Одних уговариваешь, других отговариваешь… Он был искренен с Ольгой. Достаточно ли он ее отговаривал? Пожалуй.
Итак, что же будет? Будет всеобщее изумление, фырканье Косцовой и прочее; эмоции, пройдет. Будет у него очень одаренный сотрудник, светлая голова. И удовольствие работать с этой женщиной… Будет ответственность, — надо охранить ее, надо защитить, когда на нее набросятся. Будет опасность взрыва в собственном отделе, — как всегда с людьми сильными и категоричными…
— Сегодня у них там большой день, — сказал он. — Разведка донесла… — Он усмехнулся. — Что-то еще запускают. Все, разумеется, сбросят в Яконур… — Махнул рукой. — Надо подойти туда на катере и померить. Сможете на днях отправиться в экспедицию?
…Оставшись один, Савчук вышел на середину кабинета и заложил руки за голову. Потянулся. Постоял так, раскачиваясь из стороны в сторону.
Он большой, широкоплечий, грузный. Доброе лицо с пышными усами. Крупные пальцы крепко переплетены на мощном затылке. Стоит, раскачиваясь. Задумался.
Савчук устал. Это накопилось. Он давно уже работал на больших оборотах.
За окном лежал Яконур. А напротив окна — карта на стене: голубая, слегка изогнутая, слегка вытянутая яконурская капля. Когда-то, увидев такую карту впервые, Савчук охнул: надо же, у этого озера и форма самой воды.
Как в зеркало, Яконур смотрел через окно на свою карту.
И точно напротив окна был на другом берегу дымный факел…
Савчук не мог сказать: «Я родился на Яконуре». А хорошо было бы заявить, например, Шатохину: «Я родился на Яконуре. Прошу вас. Не сбрасывайте стоки». Савчук улыбнулся. Вот бы Шатохин рот открыл!..

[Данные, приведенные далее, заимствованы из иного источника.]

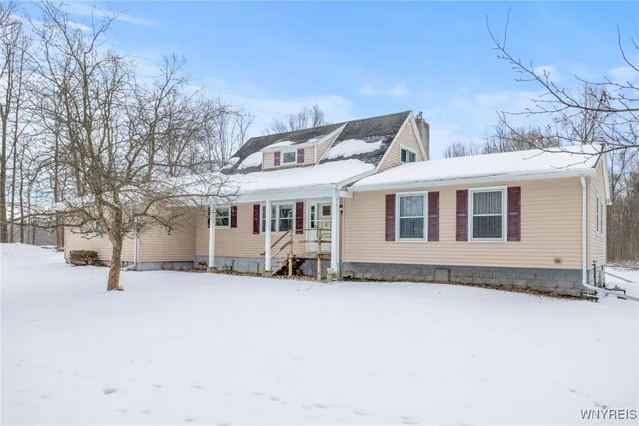 One-of-a-Kind, Residential Opportunity in a Great Location! This unique, custom-built home offers one-floor living with 3 finished bedrooms and 2.5 baths on the main level, plus the potential to finish 2 additional bedrooms and a bath upstairs to fit your style. The existing, first-floor primary suite could also be an in-law suite. The full basement, with newer mechanics (HTW 2019, Furnace 2021), is plumbed for yet another bath and ready to be transformed into more living space, recreation room, a workshop, or storage. The home features an attached 2-car garage and a detached 2-car outbuilding as well as a shed for extra workspace and storage. Enjoy two custom, stone, wood-burning fireplaces and a natural gas well with a transferable lease, providing free gas for the owner. Nestled on nearly 20 wooded acres, the property feels like a private retreat but is just minutes from major routes and less than 5 miles to the center of Batavia. Plus, public water is coming soon/confirmed for Water District 5, Town of Bethany! Located in the Pavilion School District, this is the perfect opportunity to create your dream home in a peaceful, country setting close to lifestyle conveniences. Bonus: potential to create an additional building lots on the Mayne Road frontage of the property.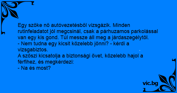- Nem tudna egy kicsit közelebb jönni? - kérdi a vizsgabiztos.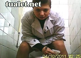 Пухленькая взрослая блондинка закрывшись в туалете приспустила трико с трусами, и оголив дряблую задницу стала писать. Сбоку от унитаза стояла скрытая камера, заснявшая голую пилотку писающей бабы.

Начинал Савчук токарем, пальцы и сейчас помнят гладкие податливые рукоятки, вечерами стал учиться, после университета быстро сделал одну работу, другую, он не терял темпа, он чувствовал в себе силу для многого, искал задачу, которая требовала бы такой силы, какую он знал в себе; ему только надо было увидеть такую задачу, — если б он ничего не сделал в науке, то поднял бы отстающий колхоз, или заключил трудный мирный договор, или провел блестящую операцию на сердце… И тут возникла проблема Яконура. Это требовало его специальности. А главное — его внутренней силы. Он приехал, возглавил институт и объявил войну комбинату.
Даже союзники упрекали Савчука за то, что для него наука — не главное. Он не притворялся. Он нашел свое дело. Он не страдал из-за того, что наукой оно было только отчасти. Это не принижало его дела.
Он говорил себе, что в такой ситуации и на этом месте человек должен вести себя соответствующим образом. Он, Савчук, отвечал за озеро Яконур. Отсюда — все его поступки.
Кто-то должен был занять категорическую позицию, вызвать на себя главный удар и тем послужить Яконуру. Савчук взял это на себя.
Другим казалось, что он принимает решения с ходу. У него была его обязанность, она решала.
Но иногда он чувствовал, — уже не хватает и его сил. Вот давление подскочило…
Он оказался под лучами мощных источников, почти лазеров. Он рисковал реально. Не раз над ним ломали шпаги. Но — держался.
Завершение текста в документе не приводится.